The only reason dogs aren’t listed among the world’s greatest philosophers and poets and composers is that we’re stuck with the job of protecting knot-heads like Slim Chance—for which we receive no credit or appreciation, only criticism and scorn.

Free us from that burden and see what happens. We’ll write the great books, think the great thoughts, and compose the great slumphonies.

Timpanies. We’ll compose the greatest timpanies ever heard.

That doesn’t sound right. It drives me batty when the perfect word is right on the tang of my torque and I can’t come up with it.

The word I’m searching for has to do with fiddles and horns and a guy standing on a platform, wearing tusk and tails, and waving a little stick around.

Phooey.

You know what? I don’t care and I’m not going to waste half my life looking for a word I don’t care about. The important poink is that dogs need nutrition and energy, and we can’t get it by eating sheet music.

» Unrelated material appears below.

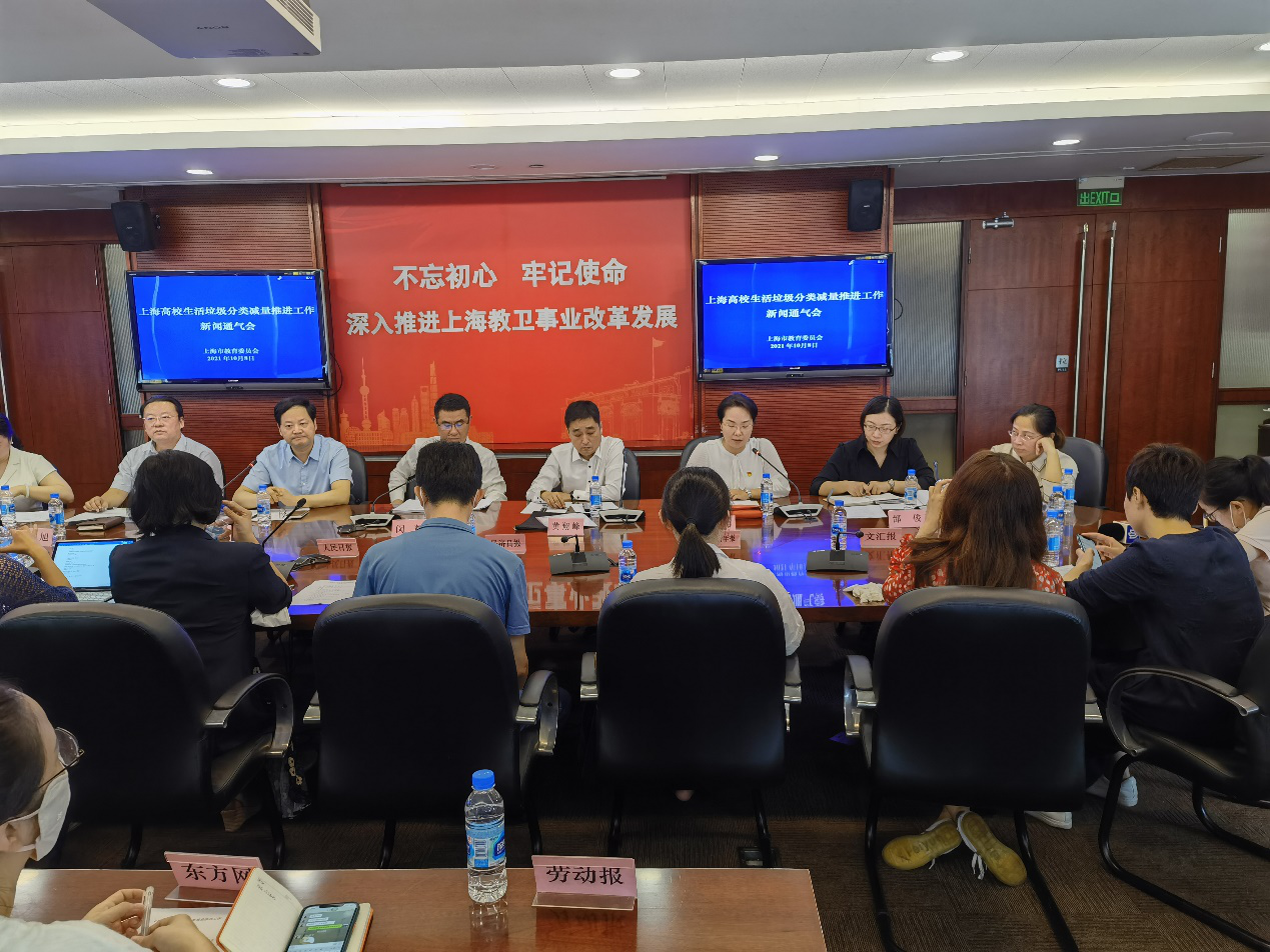 10月8日,上海高校生活垃圾分类减量推进工作新闻通气会在上海市教委举行,市教卫工作党委副书记、市教委副主任闵辉出席会议并讲话、上海市教委学校后勤保卫处处长张旭对2021年全市高校生活垃圾分类工作进行了介绍与部署,我校与同济大学、上海音乐学院等3所学校在会上作了垃圾分类工作开展情况的汇报。

We need FOOD, and would it drive the ranch into bankrubble if Slim shared one more turkey vertebra with his best friend in the whole world?

Was that unreasonable?

I mean, we ask so little of this life!

I unloosed a moan from deep in my throatalary region, moved my front paws up and down, and beamed him an expression of Adoration and Starvoration.

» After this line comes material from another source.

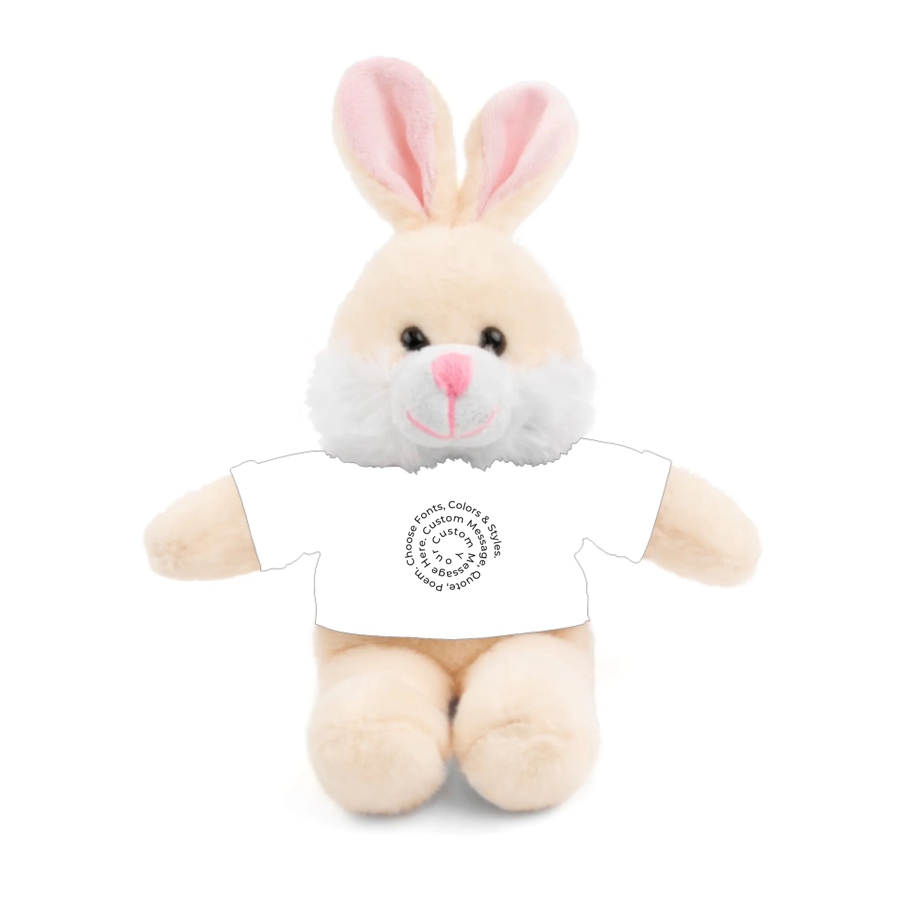 Each adorable stuffed animal features a soft t-shirt ready for your custom design. Personalize it with names, dates, short quotes, logos, or even creative extras like scrabble letter layouts, QR codes, Spotify song links, or photo prints. Choose from various font styles, text colors, and t-shirt shades to perfectly match your theme, mood, or occasion.

I studied his face. His mouth was stiff, cold, lifeless, without even a hint of warmth or compossem. This wasn’t going to work. But wait…

There was a flicker of something…a softness came into his eyes…his lips stirred ever so slightly and the corners moved upwardly at the corners.

Holy smokes, IT WAS A SMILE!

“Okay, pooch, one more. See if you can catch it.”

With his thumb, he flipped a vertebra high into the air. I loaded the Reentry Data into the computer and moved into the Recovery Position. When the object began its downward plunge, I was waiting and snapped it right out of the sky.

Crunch.

Oh yes! The bonds of our bondage had bonded, and we were friends again, friends forever, friends to the bone!

A little humor there, did you get it? “Friends to the BONE,” as in a turkey vertebra. Ha ha.

Anyway, he was pleased and proud. He not only smiled, he uttered a chuckle, and don’t forget, this was early morning, not his best time of day. “Nice work, pup. You’ve got talent nobody ever dreamed was there.”

Right. Did we have time for one more?

No, because at that very moment, we heard pounding at the door. Our pleasant episode came to a sudden end and I was back on duty.

“Symphony,” that’s the word I was looking for.